Henrietta Jones
Henrietta Jones

Reputation: 21

Object Oriented Tic Tac Toe in Python

I'm writing a program for a Python class. It must use OOP to create a Tic Tac Toe game. There are a few requirements that I have completed. The final requirement is that the computer player must be 'smart' - doing things like blocking, playing consecutive spots when it can, and so forth. My professor didn't really give us any instruction on how to do this, so I'm a bit baffled.

Where I'm at right now in the program is attempting to provide a check for whether or not the player is one move away from winning via horizontal row.

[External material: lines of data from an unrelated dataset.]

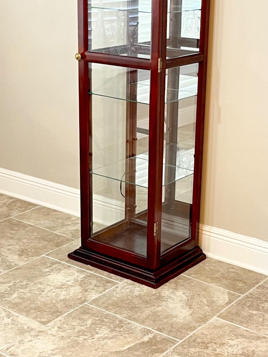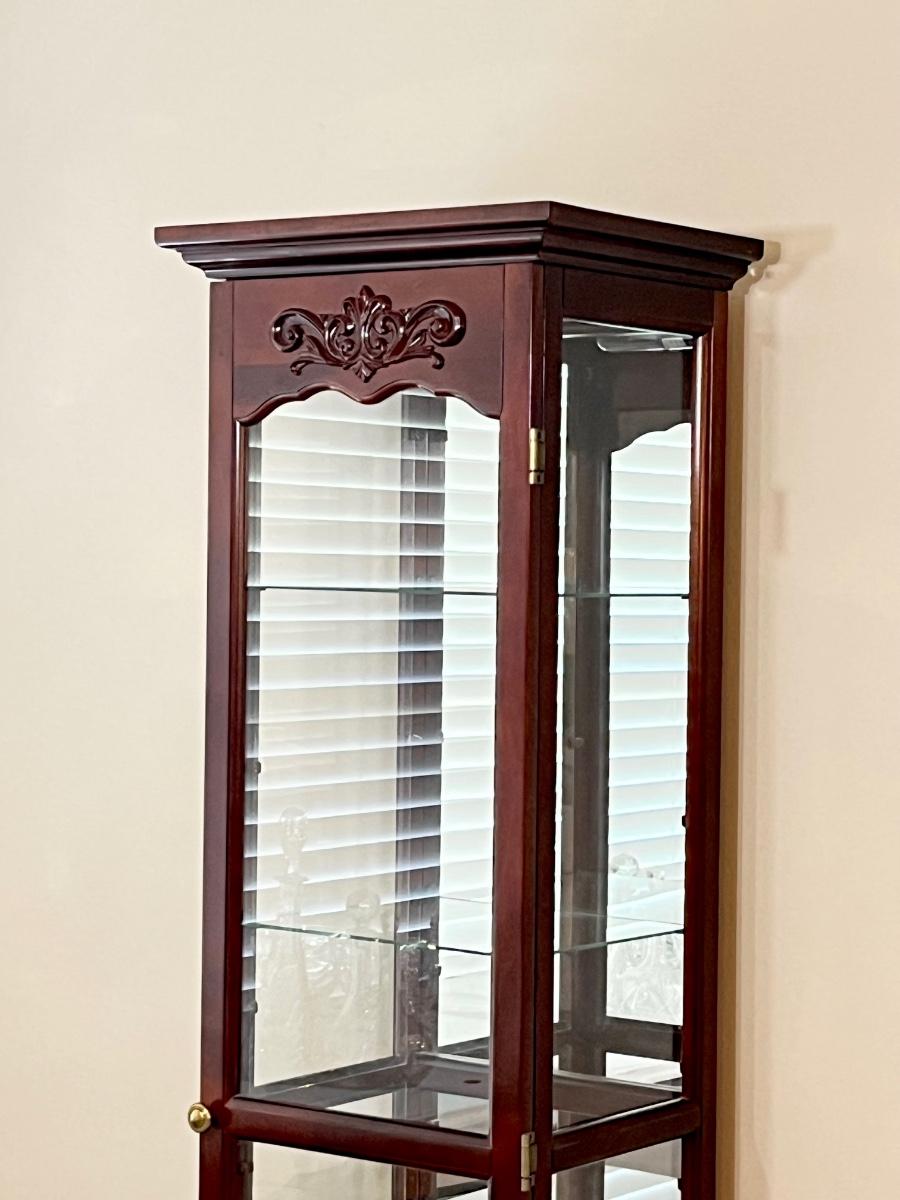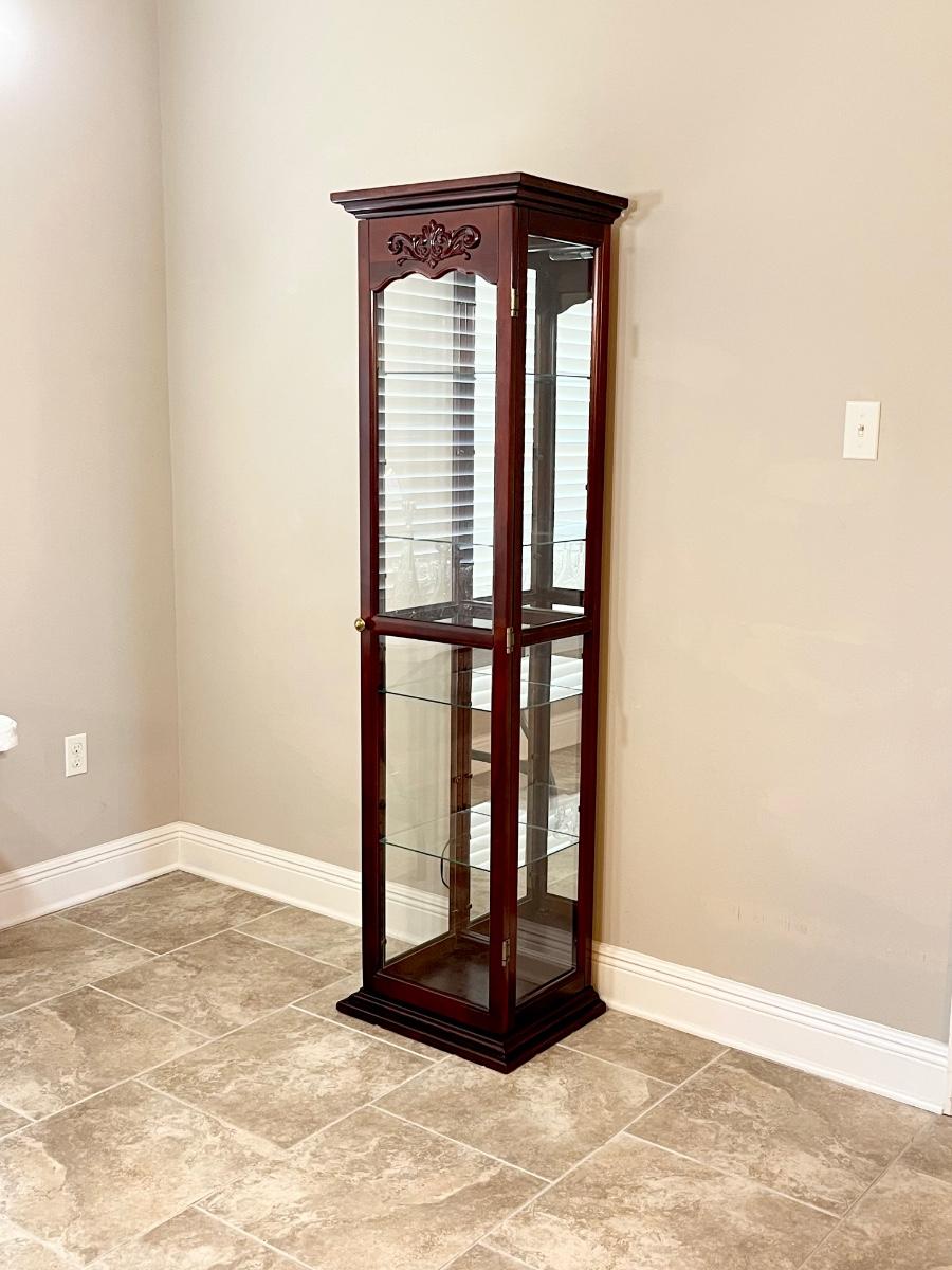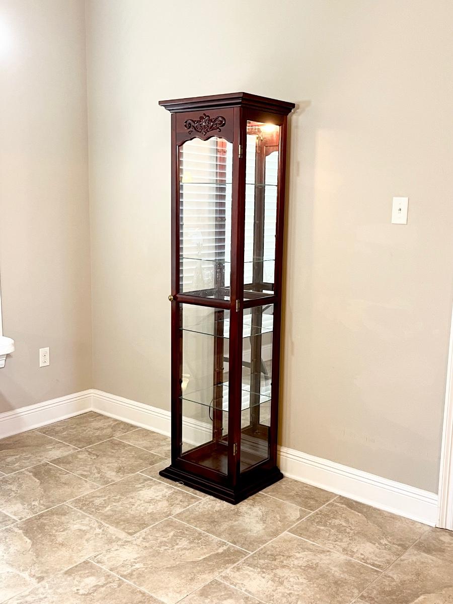 No name brand found ~ 72 1/4” H x 19.5” W x 15.5” D ~ Has 4 glass shelves
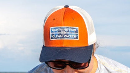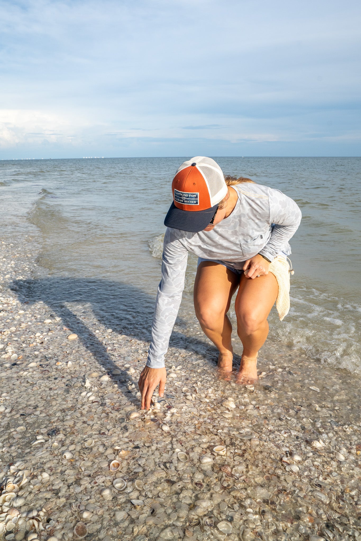 Bold like a Gulf sunset and built for life on the water. This Low Profile 115 Trucker combines burnt orange tones with a blue camo patch, inspired by the shallow waters where stealth and style both matter.
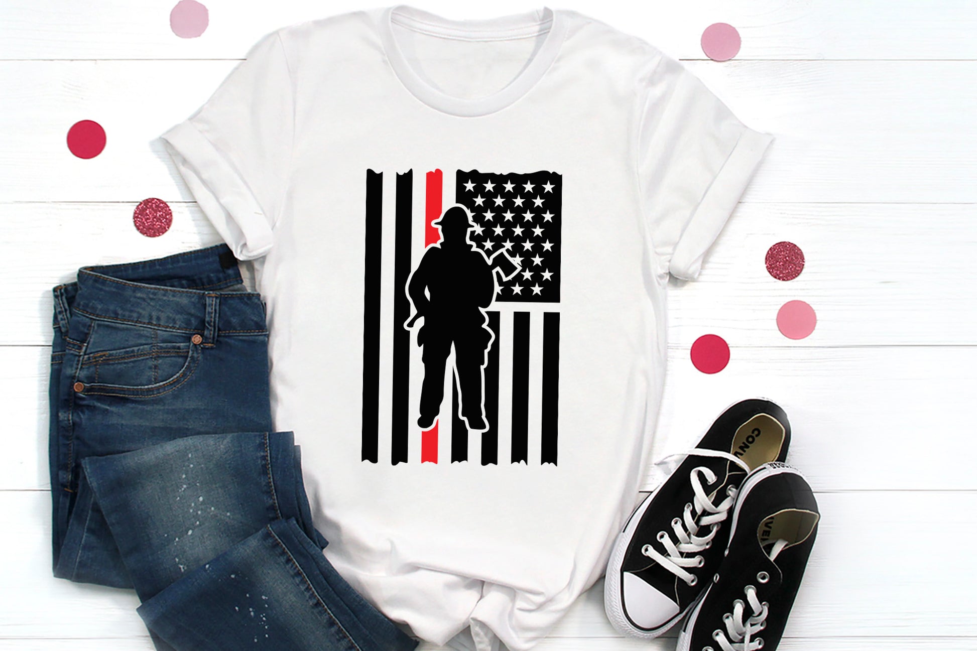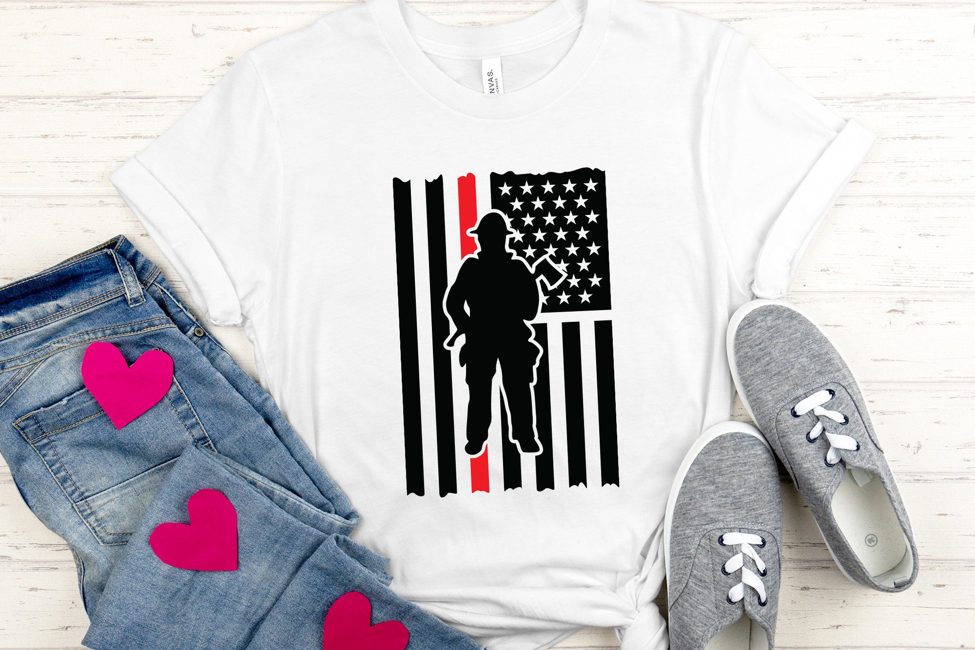 Discover our high-quality Firefighter American Flag SVG design that features a distressed American flag with a firefighter. It is perfect for creating shirts, decals, signs, gifts, and more. Whether you're crafting for a loved one or making items for firefighter fundraisers, the versatile Firefighter American Flag SVG Design is suitable for a range of heartfelt projects. Included in your download are SVG, DXF, EPS, PDF, and PNG file formats, ensuring compatibility with Cricut, Silhouette, and other cutting machines. You can easily customize the colors or text to personalize your creation. Our Firefighter American Flag SVG Design is a meaningful tribute that enhances your designs while expressing patriotism and pride.
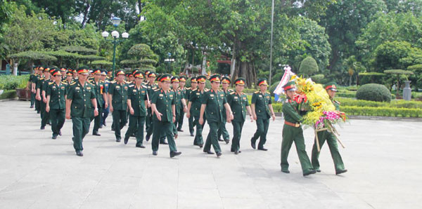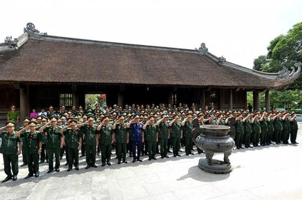 Đoàn sĩ quan, tướng lĩnh Bộ Quốc phòng dâng hoa tại Khu di tích Kim Liên.
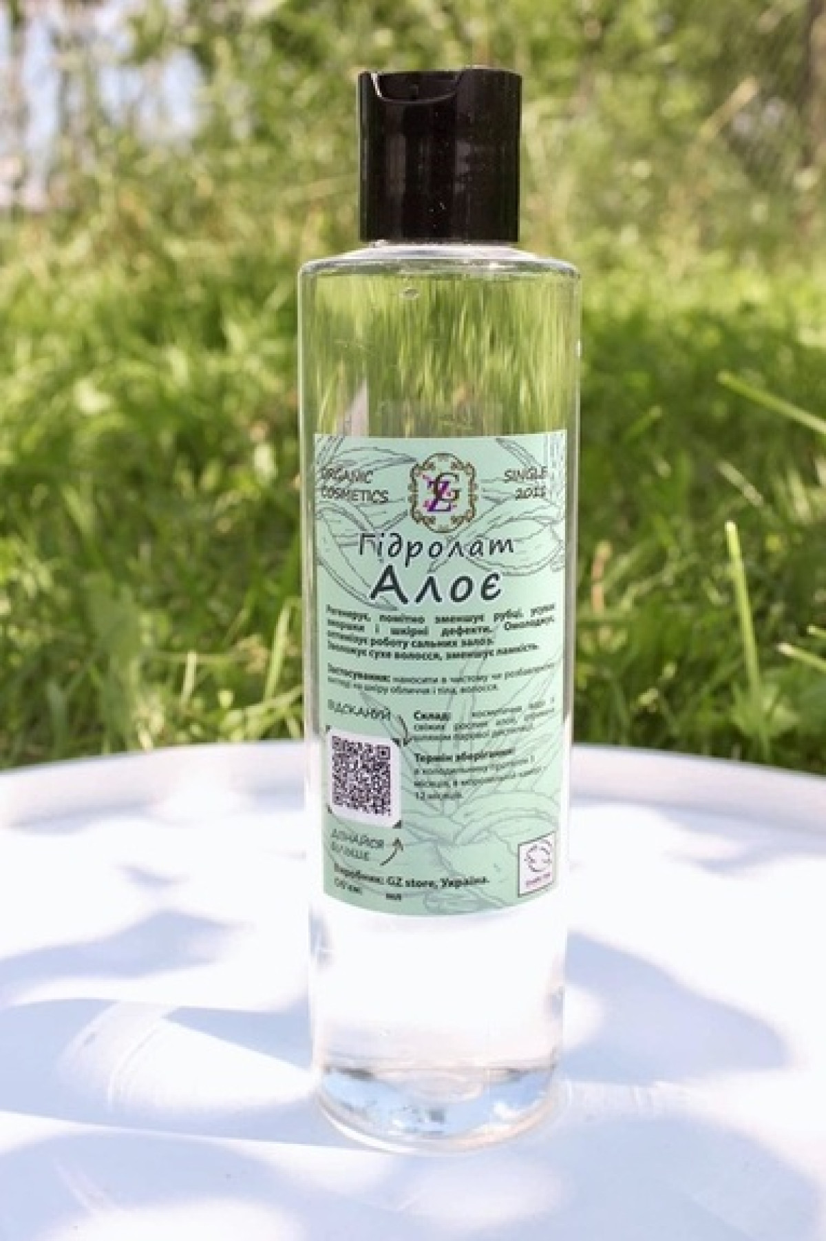 Натуральний гідролат алое високоефективний для догляду за обличчям, шкірою голови і волоссям, як у якості самостійного продукту, так і окремого елементу в комплексному складі засобів. Результативний гідролат алое як тонік для шкіри, вітамінна вода для обличчя, спрей для захисту волосся, косметичний натуральний лід і для ополіскування волосся після процедури миття.

Here's my code (it's extremely messy and inefficient, I know).

from random import randint

class TTT:
    board = [[' ' for row in range(3)] for col in range(3)]
    currentgame = []

    def print(self):
        print("\n-----\n".join(["|".join(row) for row in self.board]))

    def mark(self,pos,mark):
        x,y = pos
        self.board[x][y] = mark

    def win(self,mark):
        if mark == self.board[0][0] == self.board[1][1] == self.board[2][2]:
            return True
        if mark == self.board[2][0] == self.board[1][1] == self.board[0][2]:
            return True
        elif mark == self.board[0][0] == self.board[1][0] == self.board[2][0]:
            return True
        elif mark == self.board[1][0] == self.board[1][1] == self.board[1][2]:
            return True
        elif mark == self.board[0][1] == self.board[1][1] == self.board[2][1]:
            return True
        elif mark == self.board[0][2] == self.board[1][2] == self.board[2][2]:
            return True
        elif mark == self.board[0][0] == self.board[0][1] == self.board[0][2]:
            return True
        elif mark == self.board[2][0] == self.board[2][1] == self.board[2][2]:
            return True
        else:
            return False

    def choose(self,mark):
        if self.board == [[' ', ' ', ' '], [' ', ' ', ' '], [' ', ' ', ' ']]:
            self.mark((randint(0,2),randint(0,2)),mark)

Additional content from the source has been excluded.